Yes it is domed, the crimp is flat with the washer, when the nut is torqued and washer flattens the crimp is still flat with the washer. I think the McMaster Carr is the closest to OEM.
Or maybe TMR has already ordered and checked out the posted spin nuts. Also how does one order modules from TMR. Replating the zinc coating on OEM nuts? Electroplating System Tin Zinc - Tin Electroplating System Kit - Zinc Plating Polish (eastwood.com)
At the time I thought of it as a zen exercise (ohmmmm, stroke). Something to do while watching youtube and waiting for the modules to finish a discharge - charge cycle. Plus I was too lazy to look up different replacements. Probably do it differently "next time", if there is one. Posted via the PriusChat mobile app.
Interesting feedback on the Auveco nuts. I can tighten the oem nuts by hand, then only takes a quarter turn of the torque wrench 48 in/lbs, with the Auveco its 1-2 turns of the torque wrench. Not keen on using those nuts, the washer is quite concave, the oem is nearly flat.

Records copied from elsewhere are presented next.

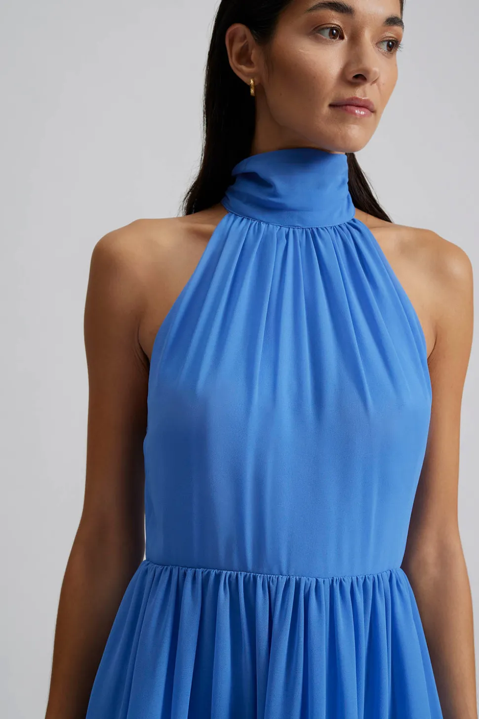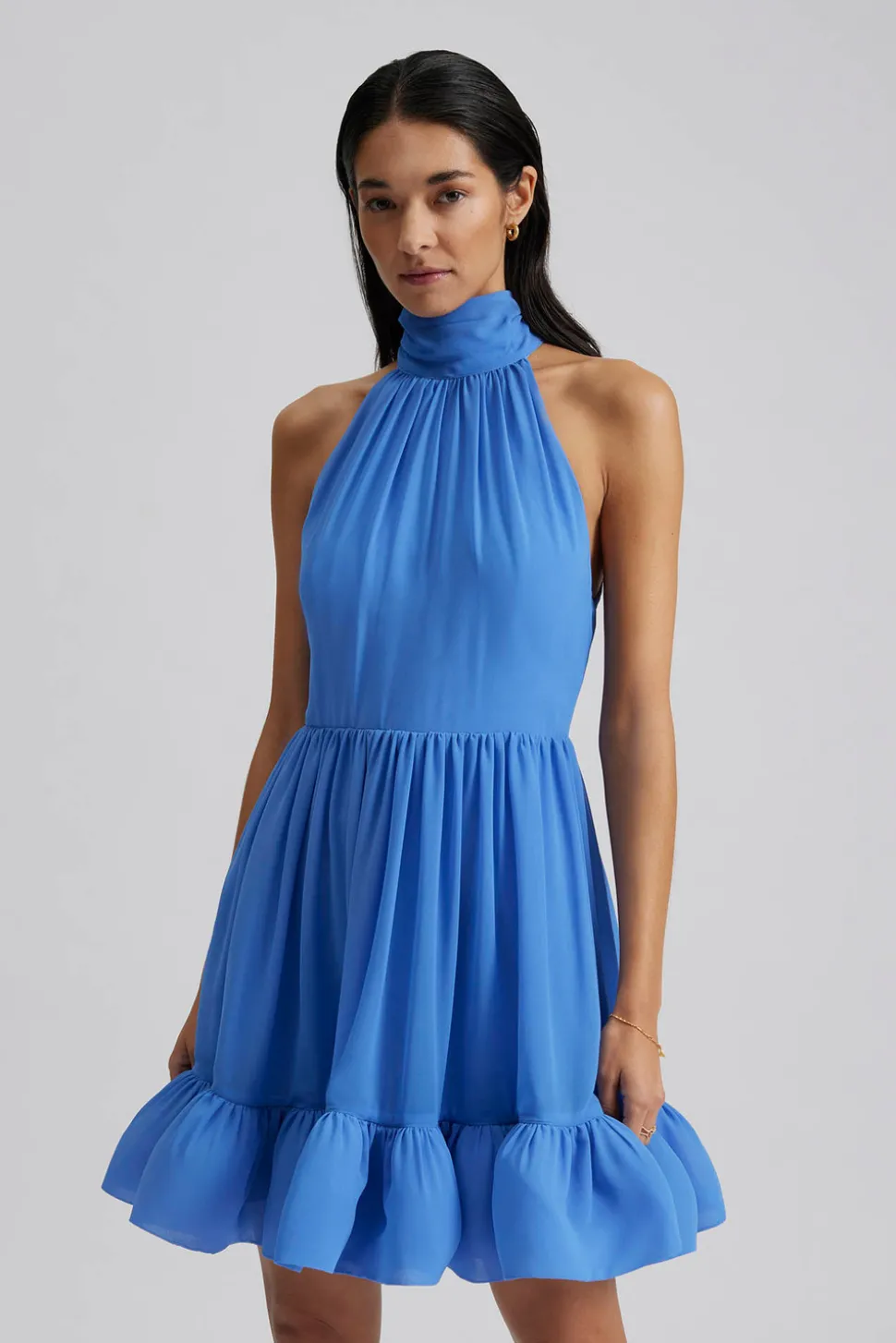 Halterneck miniklänning med öppen rygg, volangkjol och markerad midja som knyts i nacken.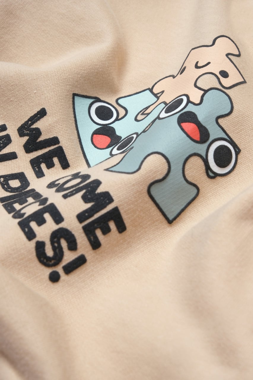2. Hanoracul cu maneci lungi, din 100% bumbac organic, are un imprimeu haios pe piept. Aceasta se inchide cu capse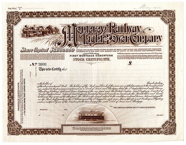 Canada. Odd Shares 5% 1st Mortgage Debenture Stock Certificate, Brown print with brown under tint on large sized certificate, Ornate company title at top next to image of generators, Pin punched Specimen, VF-XF condition, Bradbury Wilkinson & Co.

A devil's-advocate position might be that the deeper-domed Auveco washer, once tightened down flat, might exert a more consistent spring pressure over time. I'm not sure what measurable difference it might make either way, but it might be something a person with a micro-ohmmeter could compare for the fun of it.
Ordered a 100 pack bus bar washer nuts from McMaster-Carr. $13 for 100 pack https://www.mcmaster.com/91270A320/ Very close dome profile to OEM bus bar lock nuts. Washer diameter 12mm also.
I'd venture to say the OEM appears more flat because it's been torqued already. The new ones will also flatten out when installed and torqued. The Gen 3 and 4 get away from these style nuts and just go to flange nuts. Exact matches to the flange nuts used in the Gen 3 and 4 batteries seem to be impossible to find, (other than thru Toyota $$$$) but I've purchased a pack of 500 stainless steel flange nuts that have so far done a satisfactory job. The OEM flange diameter is slightly larger. I've also experimented with flange nuts that have a significantly larger diameter (slightly larger than the diameter of the terminal flange on the module, but they use a 10mm hex instead of 8mm, which causes problems with the black plastic shields. Since most batteries I build use Gen 4 modules, I'm typically able to use the Gen 4 fasteners since they're usually in excellent condition. OEM Gen 1 and Gen 2: Washer is ~11.92 mm, expanded and flat Gen 3 and Gen 4 flange nut is ~12.81 mm The stainless nuts I've used are ~ 10.97 mm The oversize nuts have flanges that are 14.7mm The module terminal flange is ~13.5 mm
Glad this thread came back up... I just put a big pile of dirty OEM bus bars in the rock tumbler this afternoon and checked it just now and in there were some aftermarket bus bars made by Reflex Concepts, which is no longer in business. But I think when I bought them they might of been solid nickel, but may of been just nickel plated? Anyways I got those out so now it's just solid copper tumbling, and the nickel bars look tarnished but no signs of different metal underneath unless the plating was stripped off entirely? Suspicious that they're plated and not solid nickel. How can I figure this out? A way to test them?